## Create new skills plots 

This notebook creates graphs to explore new 'green' skills

In [1]:
#load imports 
import dap_prinz_green_jobs.analysis.ojo_analysis.process_ojo_green_measures as pg
from dap_prinz_green_jobs import PROJECT_DIR, BUCKET_NAME, analysis_config
from dap_prinz_green_jobs.getters.data_getters import load_s3_data
import dap_prinz_green_jobs.utils.plotting as pt

import pandas as pd
import numpy as np


import os
from datetime import datetime
import altair as alt
import random

from sklearn.feature_extraction.text import TfidfTransformer

Load variables and functions

In [2]:
# save graphs
today = datetime.today().strftime("%y%m%d")
graph_dir = str(PROJECT_DIR / f"outputs/figures/green_jobs_explorer/{today}/")

if not os.path.exists(graph_dir):
    print(f"Creating {graph_dir} directory")
    os.makedirs(graph_dir)
else:
    print(f"{graph_dir} directory already exists")

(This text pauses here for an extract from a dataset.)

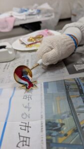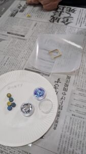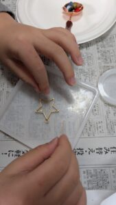 材料がそろったら専用の炉を使ってワックスを溶かし型にラメなどと一緒に そーっと流し込みます。

Creating /Users/india.kerlenesta/Projects/dap_green_jobs/dap_prinz_green_jobs/outputs/figures/green_jobs_explorer/231220 directory


In [27]:
#alt disable max rows

alt.data_transformers.disable_max_rows()
colordict = dict(zip(['low-mid', 'low', 'mid-high', 'high'], ['#C4A484', '#964B00', '#90EE90', '#023020']))

In [10]:
def get_skill_level(skill:str) -> int:
    """Get skill level from ESCO hierarchy

    Args:
        skill (str): skill

    Returns:
        int: skill level
    """
    if not isinstance(skill, str):
        return None
    
    if 'S' in skill:
        if len(skill) == 1:
            return 0 #S
        elif len(skill) == 2:
            return 1 #S1
        elif skill.count('.') == 1:
            return 2 #S1.1
        elif skill.count('.') == 2:
            return 3 #S1.1.1
    else:
        return None
    # elif 'K' in skill:
    #     if len(skill) == 1:
    #         return 0 #k
    #     elif len(skill) == 2:
    #         return 1

## 0. Load Data

load and clean up data

In [5]:
#download aggregated occupation data to get non-green/mid-green/high-green occupations 

occ_date = analysis_config['analysis_files']['agg_soc_date_stamp']
occ_agg = pd.read_csv(f's3://prinz-green-jobs/outputs/data/ojo_application/extracted_green_measures/analysis/occupation_aggregated_data_{occ_date}.csv')

occ_agg = occ_agg.query('num_job_ads > 100').reset_index(drop=True)

#download skills data

green_skills_outputs = load_s3_data(
        BUCKET_NAME,
        f"outputs/data/ojo_application/extracted_green_measures/{analysis_config['skills_date_stamp']}/ojo_large_sample_skills_green_measures_production_{analysis_config['production']}.csv",
    )
green_skills_outputs["GREEN_ENTS"] = green_skills_outputs["GREEN_ENTS"].apply(
    pg.safe_literal_eval
)
green_skills_outputs["ENTS"] = green_skills_outputs["ENTS"].apply(pg.safe_literal_eval)

skills_df = pg.create_skill_df(green_skills_outputs)

#download occupations data for job id to soc code mapper

green_occs_outputs = load_s3_data(
        BUCKET_NAME,
        f"outputs/data/ojo_application/extracted_green_measures/{analysis_config['occ_date_stamp']}/ojo_large_sample_occupation_green_measures_production_{analysis_config['production'].lower()}.csv",
    )
green_occs_outputs = pg.process_soc_columns(green_occs_outputs)

2023-12-20 10:55:49,265 - botocore.credentials - INFO - Found credentials in shared credentials file: ~/.aws/credentials
2023-12-20 10:55:50,484 - botocore.credentials - INFO - Found credentials in shared credentials file: ~/.aws/credentials


100%|██████████| 13436987/13436987 [00:10<00:00, 1304159.96it/s]


In [6]:
#download ESCO skills tables
trans_skills = load_s3_data("open-jobs-lake", 'escoe_extension/inputs/data/esco/esco_transversal_mapper.json')
formatted_esco_skills = pd.read_csv('s3://open-jobs-lake/escoe_extension/outputs/data/skill_ner_mapping/esco_data_formatted.csv')
esco_hier = load_s3_data("open-jobs-lake", 'escoe_extension/outputs/data/skill_ner_mapping/esco_hier_mapper.json')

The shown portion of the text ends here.